Sin embargo, sí me sirve para ponerme gallito de vez en cuando al comparar lo que se cuenta por ahí como algo digno de la mayor alabanza y lo que me tocó vivir y casi soñar en los años de mi niñez. Cuando oigo a gente de cierta edad encarecer elementos de su niñez me pregunto con frecuencia qué tendría que hacer entonces yo a la vista de lo que me cuentan y de lo que viví.
Los primeros años de mi niñez corresponden a los años cincuenta del siglo pasado, en un pueblo aislado, serrano y pequeñito, en una familia de carboneros (de hacer carbón, no de vender) y con nueve hijos pidiendo pan. Es índice suficiente para imaginarse el panorama sin necesidad de describirlo.
Pues todo lo recuerdo con nostalgia y con amor, con asombro y hasta con un pelín de regocijo y arrogancia. Una visión de este tenor la vertí en la novela “El manantial sonoro”.
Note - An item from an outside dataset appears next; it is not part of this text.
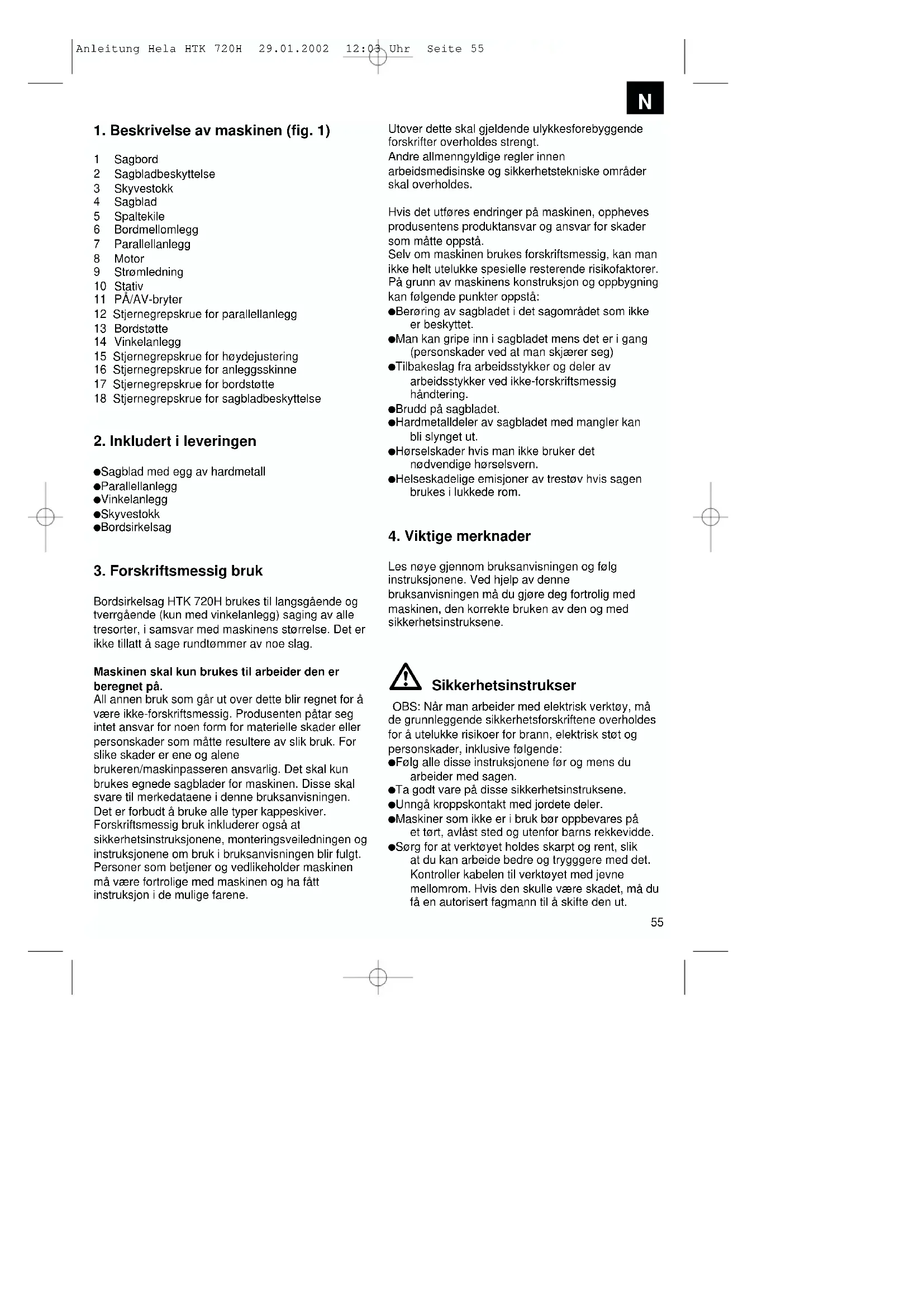 Anleitung Hela HTK 720H 29.01.2002 12:03 Uhr Seite 5556 Kontroller skjøteledningene med jevne mellomrom og skift dem ut hvis de er blitt skadet. Utendørs må du kun bruke hertil godkjente og tilsvarende merkede skjøteledninger. Vær oppmerksom på det du gjør. Ta i fatt med arbeidet på fornuftig måte. Ikke bruk verktøyet hvis du er trett. Ikke bruk verktøy hvor det ikke er mulig å slå bryteren på og av. Advarsel! Hvis du benytter andre redskaper eller annet tilbehør, kan det være fare for personskader. Trekk alltid ut nettstøpslet når det skal utføres justeringer og vedlikeholdsarbeider. Gi sikkerhetsinstruksjonene videre til alle personer som arbeider med maskinen. Ikke bruk sagen til å sage ved med. Ikke bruk sagen til tverrkapping av rundtømmer. Forsiktig ! På grunn av det roterende sagbladet er det fare for å skade hender og fingre. Maskinen er utstyrt med en sikkerhetsbryter (11) som forhindrer at den startes igjen etter svikt på spenningen. Før du setter maskinen i drift, må du kontrollere at spenningen på maskinens merkeplate stemmer overens med nettspenningen. Hvis det kreves bruk av en skjøteledning, må du forvisse deg om at skjøteledningens tverrsnitt er tilstrekkelig stort for sagens strømforbruk. Minste tverrsnitt 1 mm2 Kabeltrommelen skal kun brukes i avrullet tilstand. Ikke bær sagen etter nettkabelen. strømledninger med feil eller skader. Bruk ikke kabelen til å trekke støpslet ut av stikkontakten. Utsett ikke kabelen for varme, olje og skarpe kanter. Ikke utsett sagen for regn og ikke bruk maskinen i fuktige eller våte omgivelser. Sørg for god belysning. Når man arbeider utendørs, anbefales det å sklisikkert skotøy. Sagen skal ikke brukes i nærheten av brennbare væsker eller gasser. Bruk egnede arbeidsklær! Vidtsittende klær eller smykker kan bli revet med av det roterende sagbladet. Bruk hårnett hvis du har langt hår. Unngå å innta unormale holdninger med kroppen. Personer som betjener maskinen må være minst 18 år gamle, personer under utdanning minst 16 år gamle, sistnevnte imidlertid kun under tilsyn. Uorden i arbeidssonen kan føre til ulykker. Ikke la andre personer berøre verktøyet eller nettkabelen, spesielt ikke barn. Hold slike personer på avstand fra arbeidsplassen. Hold barn på avstand fra en maskin som er koplet til nettet. Hold arbeidsplassen fri for treavfall og deler som ligger og slenger. Oppmerksomheten til personer som arbeider med maskinen må ikke avledes. Vær oppmerksom på motorens og sagbladets dreieretning. Sagbladene (4) må ikke under noen omstendighet bremses ved at man presser mot dem fra siden etter at drivverket er slått av. Monter kun skarpe sagblader (4) som er fri for sprekker og deformasjoner. Ikke bruk sirkelsagblader (4) av høylegert hurtigstål (HSS -stål). Det er ikke tillatt å demontere eller sette ut av funksjon sikkerhetsanordningene (2, 5) på maskinen. Der er kun tillatt å bruke verktøy som svarer til normen prEN 847-1:1996 på maskinen. Sagblader (4) med feil må skiftes ut øyeblikkelig. Ikke bruk sagblader som ikke svarer til de merkedata som er angitt i denne bruksanvisningen. Man må kontrollere at alle anordningene (2, 15) som dekker til sagbladet, fungerer upåklagelig. OBS: Det er ikke tillatt å utføre innskjæringer med denne sagen. Sikkerhetsanordninger med skader eller feil må skiftes ut umiddelbart. Spaltekilen (5) er en viktig sikkerhetsanordning som fører arbeidsstykket og forhindrer at skjærefugen bak sagbladet lukkes og at arbeidsstykket slår tilbake. Vær oppmerksom på spaltekilens tykkelse. Spaltekilen må ikke være tynnere enn sagbladlegemet og ikke tykkere enn bredden på sagbladets skjærefuge. Under hver arbeidsgang må beskyttelsesdekslet (2) være senket ned på arbeidsstykket. Det er tvingende nødvendig å bruke en skyvestokk (3) (bredde mindre enn 120 mm) ved langsgående saging av smale arbeidsstykker. Ikke sag arbeidsstykker som er for små til at man kan holde dem trygt med hånden. Under tilskjæring av smale trestykker må parallellanlegget spennes fast på høyre side av sagbladet. Arbeidsstillingen må alltid være på siden av sagbladet. Ikke belast maskinen så mye at den stanser.

Acaso la memoria nos ayude y nos salve guardando en sus archivos los hechos menos negros y dibujándolos en un tono amable y positivo.

No son tampoco los de ahora mismo los mejores tiempos para tantas familias que, en estos malditos años, apenas si consiguen atisbar la presencia del mes siguiente con algo de calma. Aunque, a pesar de todo, la dureza no es tanta, tal vez dentro de algunos años no pocos los recuerden con algo de nostalgia y de cariño. Que la memoria les seleccione los ratos positivos y que estén aguardando la llamada del canto y no del llanto. Lo demás es mejor que se muera en los brazos del olvido.